As far as shock waves go, I still don't think they work for anything going at the speed of light. Basically, pressure waves are all about matter compressing and decompressing, which takes time - and moving at 'c', there is no time. I would need a more rigorous argument to make this really convincing. I've got to run, if I can think of a way to make this clearer or more rigorous at the same time not getting too mathematical, I will.

The best analogy I can come up with is the neutrion oscillations.

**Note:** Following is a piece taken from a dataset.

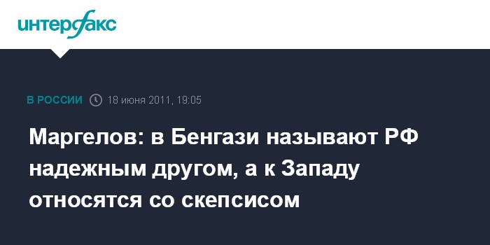 Маргелов: в Бенгази называют РФ надежным другом, а к Западу относятся со скепсисом

Neutrino oscillations are not compatible with neutrino's being massless and hence moving at 'c'. One way of saying this is that oscillations take time, and nothing moving at 'c' experiences time. (This isn't perhaps the most rigorous way of explaining this point, but you'll find Baez in sci.physics, for instance, on record as using this explanation).

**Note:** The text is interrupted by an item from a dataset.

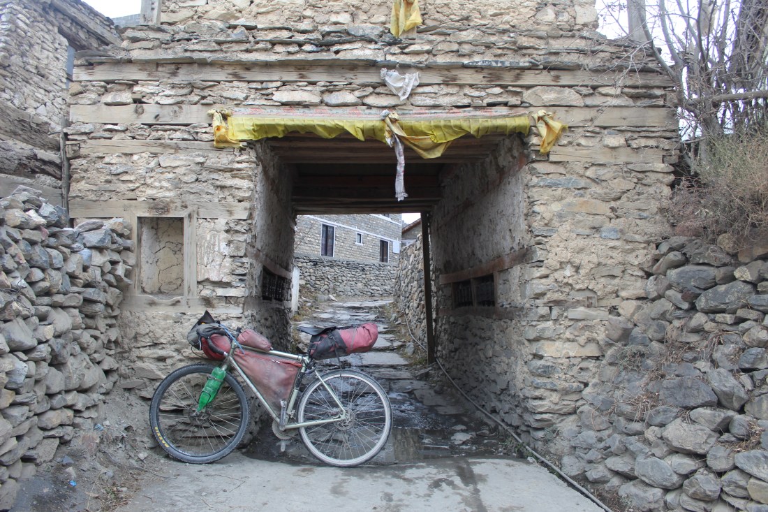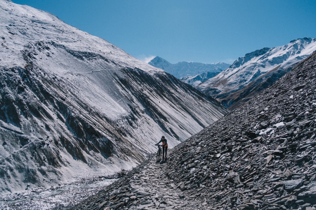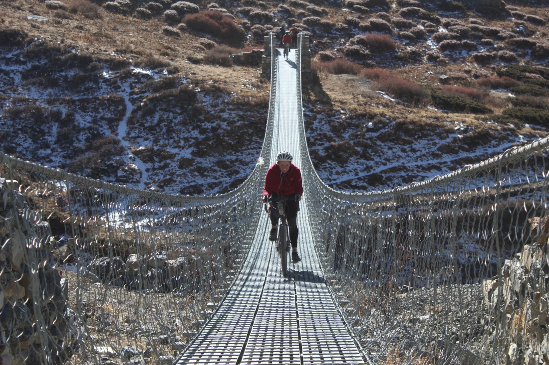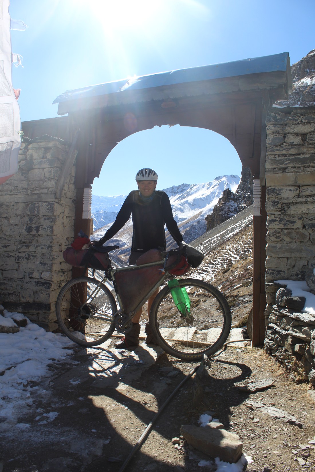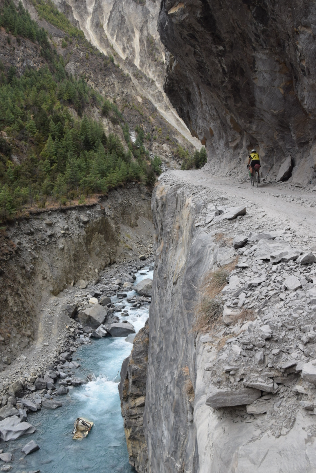 The doctor had a look and confirmed that they could give me the rabies and tetanus vaccines. Perhaps due to the odd shape of the wound, he described it on the chart as an “alleged” dog bite! Silas took some photos of the nurse giving me a rabies shot in each arm. Thankfully he refrained from photographing the tetanus vaccine, which was injected into my buttock!It was all done pretty quickly and I only had to pay 2000 rupees (£13) for the whole thing – which would include the two further courses of vaccine I needed to get in 3 and 7 days. For way of contrast, the cost in the US is about $500 per course!Ross had come to the hospital during all this and I’d asked him to tell Robin, Sabina and Pax that they should feel free to make a start as Ross, Silas and I would be able to catch them up. Silas and I walked back to the bikes, me sporting the ridiculously over-the-top bandage the nurse had given me.Silas replaced that bandage with a more minimalist one, and we set off cycling. We were starting to get quite high up now and the scenery was changing, with evergreen trees rather than farmlands, and some impressive rock faces.The road was at times just a narrow track carved into the side of the cliff. Some of the corners looked particularly precarious and at one point we saw a vehicle that had crashed into the river below.The road crossed over to the other side of the river and climbed somewhat more steeply for the next few kilometres.There was a mountain bike trail on the other side which Ross and Silas wanted to ride down. I wasn’t too keen on the idea so I rode on ahead and soon caught up with Robin, Sabina and Pax, who had just stopped for lunch at a cafe. It was called “The Bob Marley Cafe.” There was marijuana growing outside and the guy offered to sell us some, but we declined.After the cafe the road conditions were pretty good for the rest of the day; quite smooth and generally flat too. There was one small climb up to a stupa which had amazing views both ahead and behind.From there we rode toward the town of Manang, our goal for the day. This town was noteworthy as it marks the end of the road. From here the going would get significantly more tough.We spent two days in Manang. Silas went for a two-day hike-a-bike and the others went on a hike on one of the days, but I mostly lazed around and enjoyed the good food and incredible views.In order to get my next Rabies vaccine, I had to ride back to Chame. I then planned to ride back to Manang, and on to catch up with the others – effectively doing three days of riding in one! I therefore set off as soon as it got light, in pretty cold weather and with a fair bit of ice on the ground.I made good enough time and the Chame hospital opened a few minutes after I arrived. I got the vaccine quickly and rode back to Manang, stopping to chat for a while with a friendly group of hikers on the way.I had got used to not eating much over the last few days as the riding was somewhat shorter than I was used to. I didn’t adjust this now that I was back to riding at my pace and exhausted myself by going too long without eating. The section just after Manang involved carrying the bike up several series of stairs, with which I rather struggled.Even after the stairs the trail was pretty narrow and often unrideable. There were no longer any vehicles here, and supplies are carried either by people or by ponies.I finally caught up with the others in Yak Khorla, just as it was beginning to get dark. I was pretty ravenous by then and rather enjoyed my yak steak!The day after Yak Khorla involved a lot of pushing! This day took us from 4000m to 4500m, and the reduced oxygen was definitely making itself felt in how out of breath we were. A few of the others had some headaches due to the altitude but I was fine.When the trail crossed to the other side of the valley, it did so via a remarkable suspension bridge. Riding across this was pretty unnerving.We reached “base camp” at about midday. This was where we planned to sleep for the night, before taking on the pass tomorrow.After dropping off my bike, I went back to help the others. While I was carrying everything I had, they had left most of their stuff in Pokhara. It really was amazing the difference 10kg or so made. After struggling to push my bike up, I was jogging along with Sabina’s bike!We took lunch at the base camp then dropped most of our stuff in our rooms. Our plan was to push the bikes up as far as we could today, then return here to sleep. The next day over the pass would be a long one so we wanted to do as much as we could today.The first stretch was a real challenge. For about a kilometre the trail averaged a gradient of something like 30%. It was a real grueling slog to get the bikes up, switchbacking left and right on rough terrain.The trail straightened for the last push to high camp, but now had a light covering of snow. At the high camp we dropped our bikes and went back to help the others up the last stretch. We’d considered leaving the bikes here but as there was still a fair bit of light left I advocated trying to get as far as we could.From here the snow was quite deep, and there was a bit of a drop to our side. I went first, trying to dig in as much as possible with my feet to create footholds for the others.Robin and Sabina were feeling pretty tired, so they left their bikes first and set off back to base camp.The rest of us continued on to a bridge, where we locked up our bikes. I’d hoped we’d be able to collect water here tomorrow but the river was frozen solid. I picked up a heavy rock and dropped it from the bridge; it bounced.The return to base camp was obviously much quicker than the way up! We made it back and Silas, Ross, Pax and I spent an enjoyable evening playing Tichu. This was a bizarre Swiss card game that Silas had taught us. We ended up playing it most nights of the trip.The next morning was our earliest start. We’d taken as much stuff off the

Similarly, pressure waves need time to move, and again, moving at 'c', there is no time.

Last edited: Jan 29, 2005
17. Jan 29, 2005

### yogi

pervect - I agree with your analysis - what I have failed to get across is that the rationale Einstein used to convince himself that, in order to conserve energy in the case of relatively accelerating masses that communicate their position to each other at the velocity of light, it was necessary to propose a wave phenomena that dissipated (at least carried away) energy - apparently to the spatial medium (whatever that is). But how can this spatial medium perform its role in sustaining the wave as it must if there is nothing that is waving. Do we not have to have a better description of how space works or what it is. Now in the case of a spherically symmetrical explosion you would not get an oscillatory wave as you pointed out - but the effect is more akin to a solitron or tsunami - a one shot deal from the standpoint of the time domain - but nontheless comprising many Fourier components in the frequency domain. Just how this type of wave does the job in the case of acceleration is not easy to see - if in fact it does.

18. Jan 31, 2005

### Garth

On another tack - the sensitivity of gravitational wave detectors, LIGO etc. has been increasing all the time yet so far no detection has been confirmed. At what lower bound do we get worried and say that the predicted radiation does not exist?

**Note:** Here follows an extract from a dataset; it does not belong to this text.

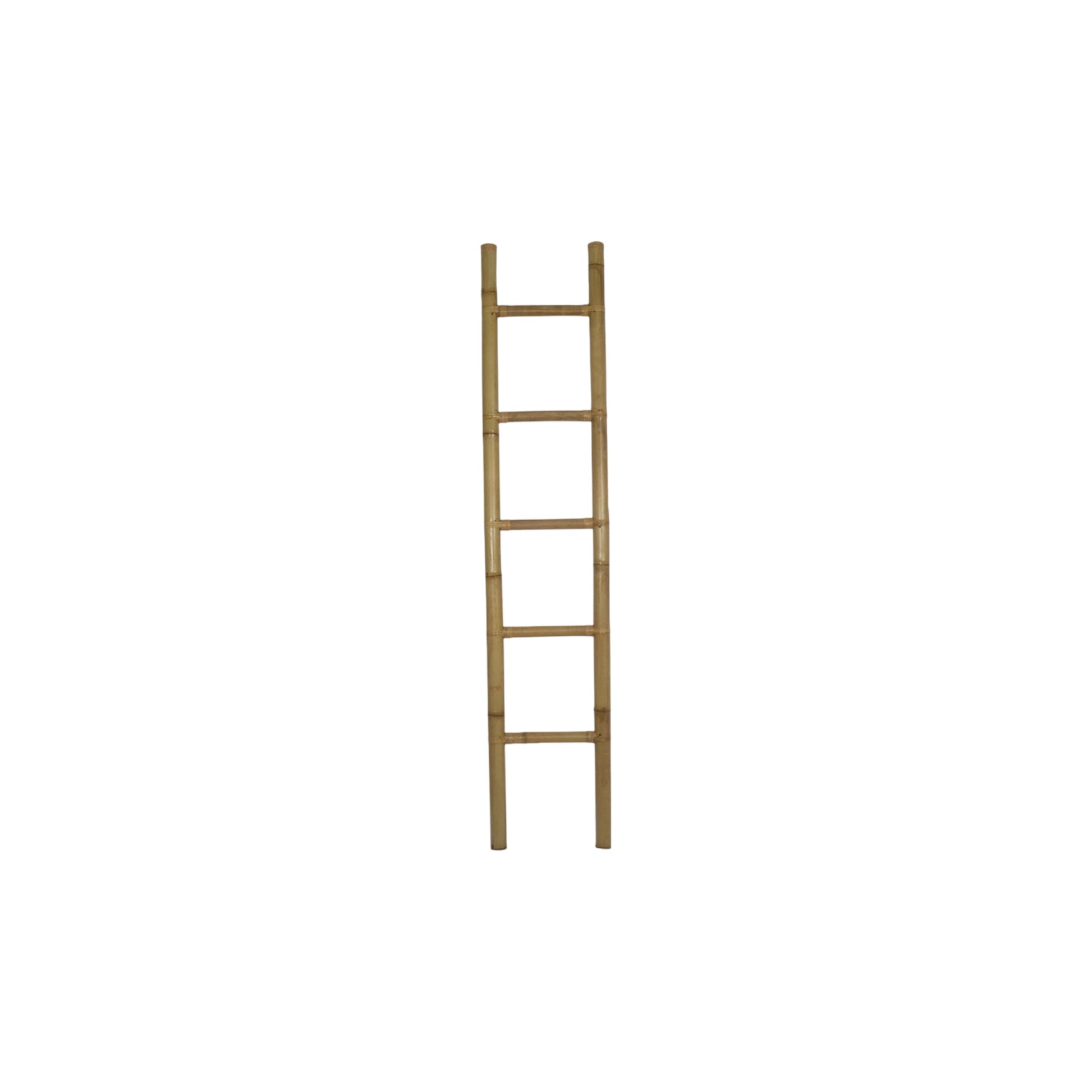 This bamboo ladder is a simple yet striking accent piece, crafted from natural bamboo with a warm, organic finish. Designed to lean effortlessly against the wall, it offers a stylish way to display towels, throws, or clothing while adding height and texture to a space. The clean lines and handcrafted feel make it a perfect fit for bathrooms, bedrooms, or living areas. Both functional and decorative, this ladder brings an easy, relaxed elegance inspired by natural materials.

In other words when do we expect to get a positive detection?

19. Jan 31, 2005

### Creator

I would rephrase the question: At what point do we finally admit that the method of laser interferometry is unable to detect them?.

20. Jan 31, 2005

### pervect

Staff Emeritus
As a practical matter, the first step would be to get a better understanding of classical relativistic electrodynamics. On the less-mathematical level, here are a lot of pictures out there that show how if you suddenly stop a rapidly moving charge, there must be a huge discontinuity in the field lines. This translates in that a rapidly deaccelerating charge must emit radiation.

I think I've posted some links to some Java applets that do this in the past.
You should be able to find them either b looking on the forum, or by doing a direct google for "field of a moving charge".

These same general arguments suggest that a mass that's rapidly moving and then stops suddenly should also emit gravitational radiation. A buzzword that might help is "larmor radiation".